*** Task material ***

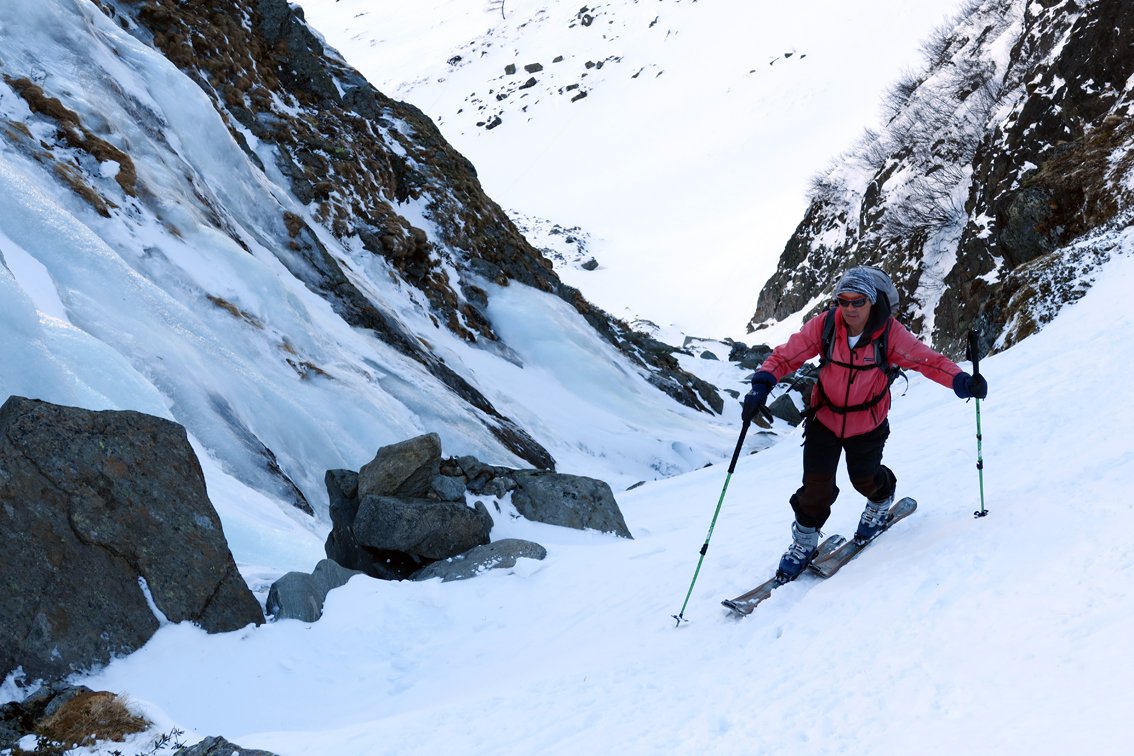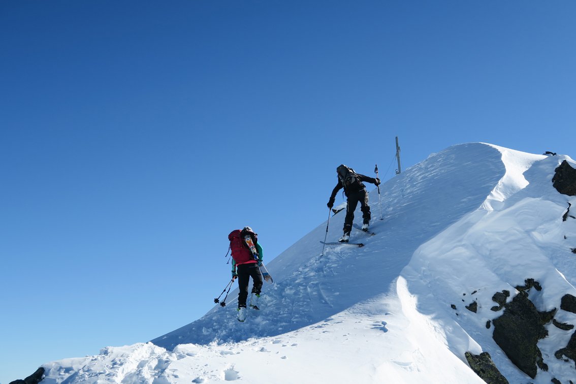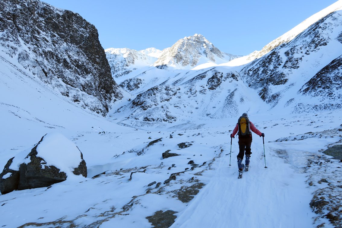 Normale Skitourenausrüstung, auf jeden Fall Harscheisen für die oft vereiste Steilstufe der "Zwing" (evtl. könnten auch Steigeisen nötig sein).
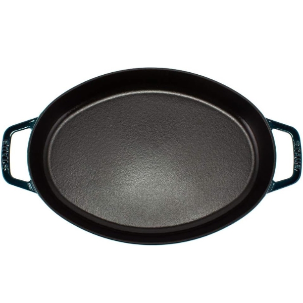 Chảo gang oval Staub nắp cá 32cm tráng men kiểu Pháp có những đặc tính nấu nướng tuyệt vời tương tự như nồi Cocotte. Lớp men gang giúp phân bổ nhiệt đều, cho kết quả tốt nhất và giữ nhiệt lâu, đảm bảo thức ăn luôn nóng trong suốt bữa ăn.
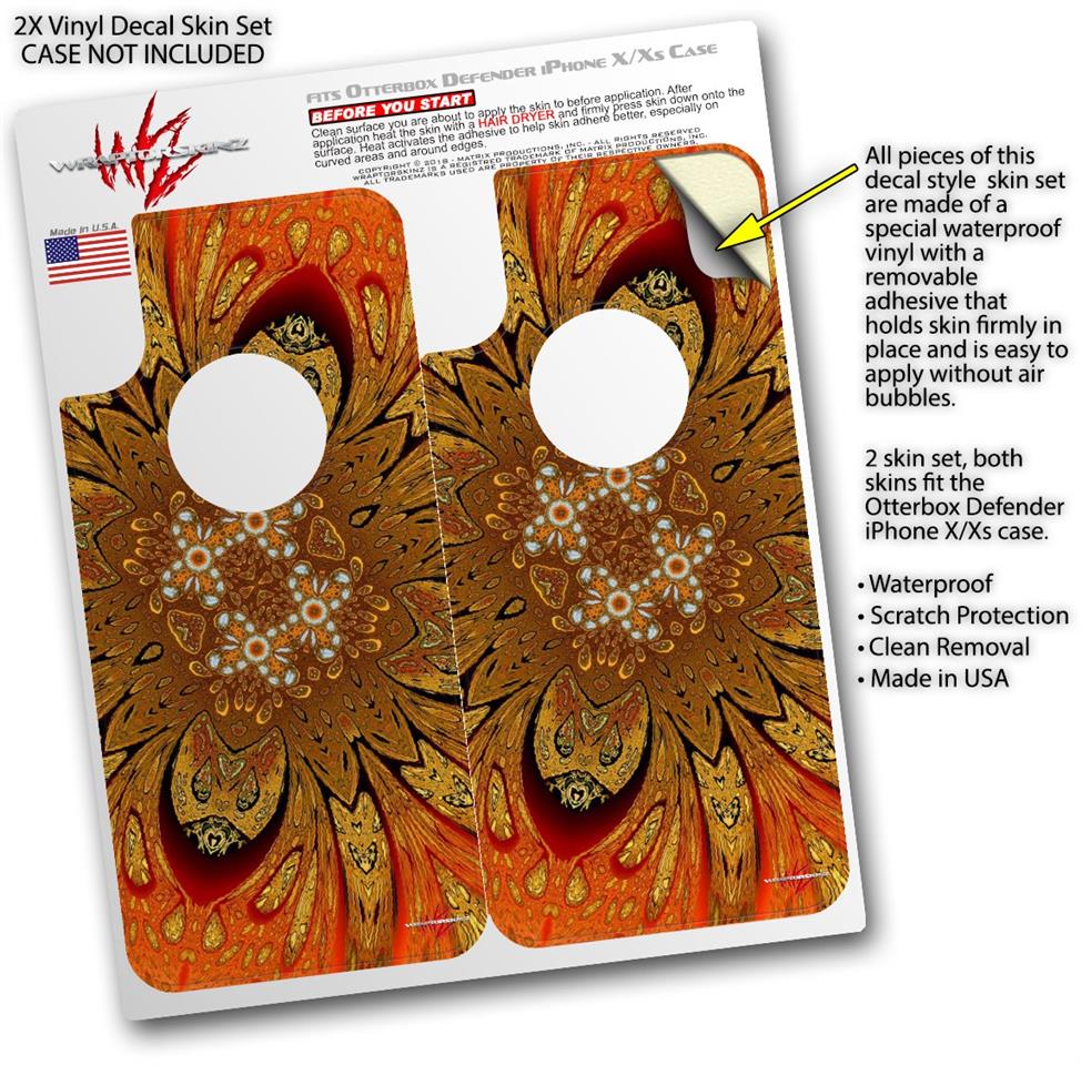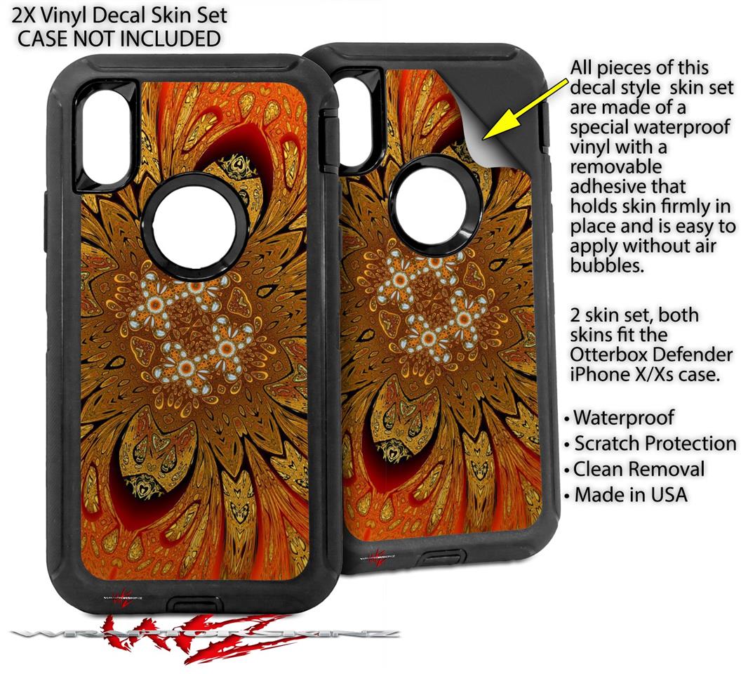 2x Decal style Skin Wrap Set compatible with Otterbox Defender iPhone X and Xs Case - Flower Stone (CASE NOT INCLUDED)
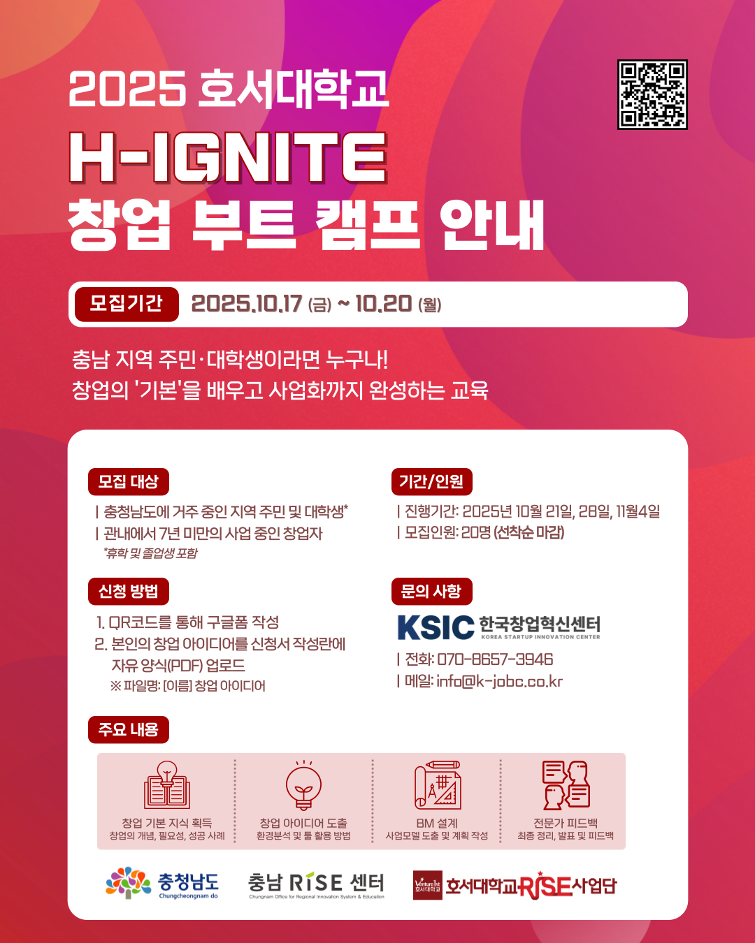 [호서대학교] (~10/20) 3일 만에 창업가로 점화! H-IGNITE 창업 부트 캠프 참여자 모집
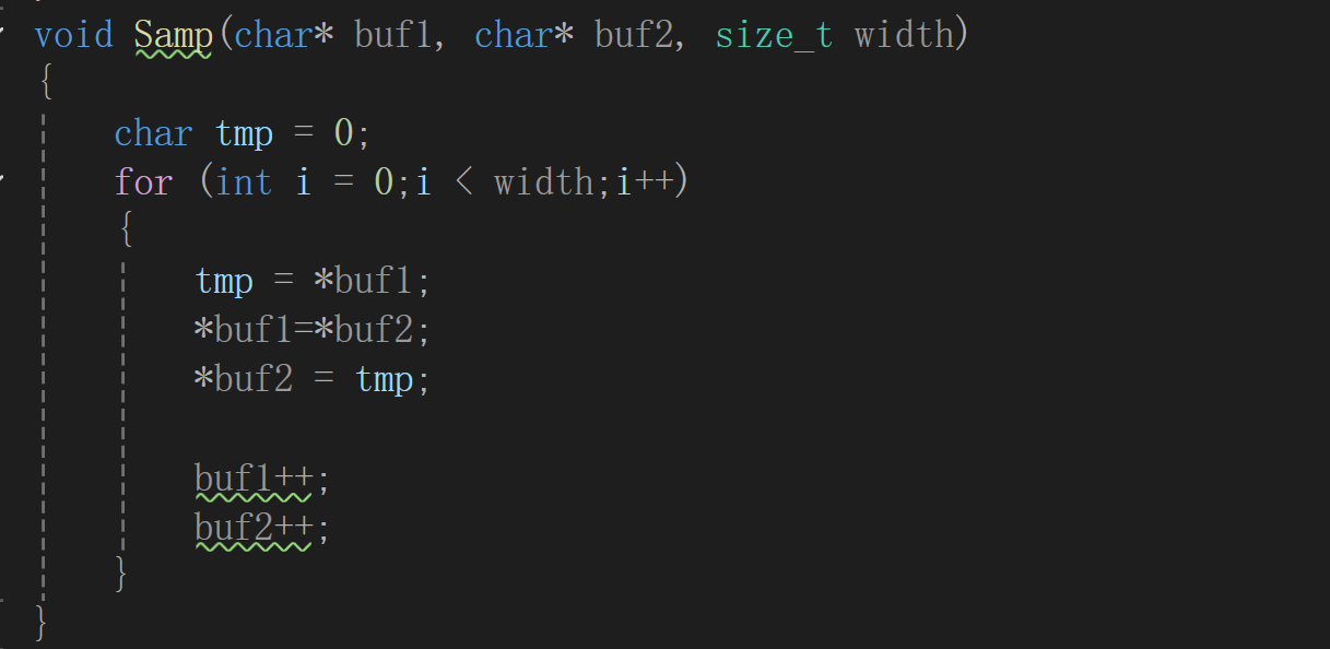 Samp是自定义的 “通用交换函数”(需要自己实现):接收两个元素的地址和元素宽度,交换这两个元素的内容(这样不管是 int、结构体,都能正确交换)- 原理:数组中第

*** End of Task material ***

- What is being asked
When the listing is transcribed, every line must match the original exactly, and the pictures must be left out.

- Result of the task
 Normale Skitourenausrüstung, auf jeden Fall Harscheisen für die oft vereiste Steilstufe der "Zwing" (evtl. könnten auch Steigeisen nötig sein).
 Chảo gang oval Staub nắp cá 32cm tráng men kiểu Pháp có những đặc tính nấu nướng tuyệt vời tương tự như nồi Cocotte. Lớp men gang giúp phân bổ nhiệt đều, cho kết quả tốt nhất và giữ nhiệt lâu, đảm bảo thức ăn luôn nóng trong suốt bữa ăn.
 2x Decal style Skin Wrap Set compatible with Otterbox Defender iPhone X and Xs Case - Flower Stone (CASE NOT INCLUDED)
 [호서대학교] (~10/20) 3일 만에 창업가로 점화! H-IGNITE 창업 부트 캠프 참여자 모집
 Samp是自定义的 “通用交换函数”(需要自己实现):接收两个元素的地址和元素宽度,交换这两个元素的内容(这样不管是 int、结构体,都能正确交换)- 原理:数组中第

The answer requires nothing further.